In 1893, Wright was hired in the Portland General Electric's new City-Eastside Electric Light Plant. In 1904, as preparations for the Lewis and Clark exposition were underway, Wright advised Portland General Electric to consider lighting the fairgrounds, which would give it a greater standing in the eyes of Portland and the world. The company was not well respected by major eastern stockholders, which had limited its growth, and would need greater funding if it was to build another generator to power the fairgrounds. Henry H. Goode, the president of Portland General Electric, traveled to New York in the spring of 1905, so stockholders would invest a total of three thousand dollars to build a new plant. Wright, meanwhile, was put in charge of designing the electrical plans for the fairgrounds. When Goode returned confirming that the money was available, construction began on Wright's plans.

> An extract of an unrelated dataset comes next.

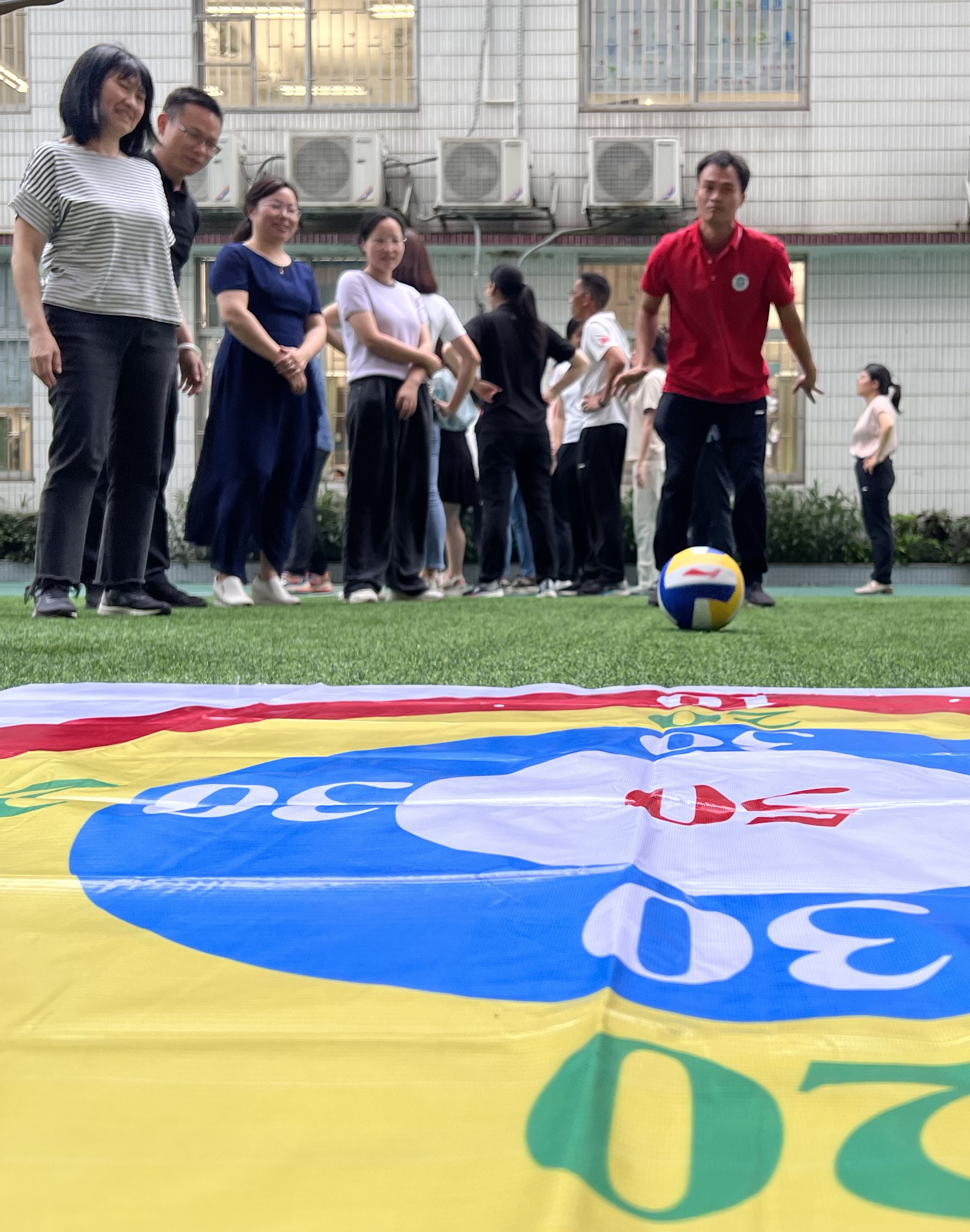 本网讯 5月10至6月6日,学校工会组织了教职工趣味气排球团体比赛。比赛选择在放学以后进行,期间各队准备充分,赛事扣人心弦,最终六年级团队勇夺冠军。

Many of the lighting technologies of the World's fair had never been implemented in such a scale before the fair, including the incandescent lights around Guild's Lake and the Forestry Building, and large searchlights on top of the fair's Government building.

== Later life ==
After the fair, Wright continued to work as an electrician. On June 2, 1928, Wright fractured his skull, after falling while repairing electrical cables. He died two days later, in Portland, Oregon, and was buried in Lone Fir Cemetery.

== Legacy ==
In the book Bringing Power to Ideas, the Portland General Electric Company recognized the influence that Wright had had on their company's continued prosperity throughout the twentieth century.